To paraphrase, “we have met the aliens and they are us.”
Even
if your creatures are just really humans in weird disguises, they are still
important. They are the “agent provocateurs,” that is, the things that make our
characters act and react, and allow the author to give some insight into the
human condition, whether through us dealing with these monsters, or through
their interactions with us.
There
are some basic dos and don’ts in this regard.
First,
design your aliens to be realistic. Obey the laws of whatever universe in which
your story unfolds. Don’t have them violating the laws of physics unless you
give us a believable way they can go about doing it.
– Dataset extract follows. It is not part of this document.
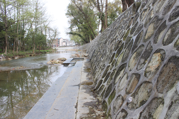 玉山縣樟村鎮防洪工程的施工主要內容有:堤身土方填筑;左、右岸堤身防護(埋石砼防洪墻、干砌石護坡、漿砌石護坡、草皮護坡)、河道疏浚、涵閘及交通橋拆除重建等四座建筑物改建工程。

If they weigh three
hundred pounds, but can fly on our world, explain how this is possible. (Right,
they use airplanes!) And whatever powers or attributes you give them, don’t
change them in midstream without a darn good reason. This is old advice, but
important.
Believability
is paramount! Recently, I read a short story where a diplomat had great
difficulty in understanding some aliens (they sang their language), and he
inadvertently kept offending them (the diplomat must sing like William Hung!). They
were, seemingly, incapable of communicating fully with humans or vice versa. But
(and this is one heck of a big but!), these creatures had their own alien
psychologist. It explained (regularly) to the humans the nature of the problems
and smoothed over the diplomat’s transgressions with its fellow aliens.
QUESTION:
If the alien psychologist can talk to and understand humans, why can’t his fellow
aliens learn to do the same thing? At the very least, why can’t the alien
psychologist act as interpreter and permanent liaison for both sides? Weirdly,
although this is a glaring inconsistency, a major Sci-Fi magazine still
published it. This only goes to show that even editors make mistakes. (Did I
say that aloud?) Seriously, what it shows is that somehow, we have to understand
our aliens (ourselves?) to some degree or there is no story. The author used an
“alien psychiatrist” to do this. To see ourselves; these lines from a poem by
Robert Burns say it all:
To see ourselves as
ithers see us!”
As science fiction
writers, we use aliens as the “ithers” to give us the gift of seeing ourselves.
Even then, back in 1786 C.E., Robert Burns, seeing a louse on the hat of a
woman in church, wrote those lines. The louse, a parasite, was his “alien” of
the day. And we all remember the movie, Alien, with its parasite, don’t we? Some
things never change. Interesting, isn’t it?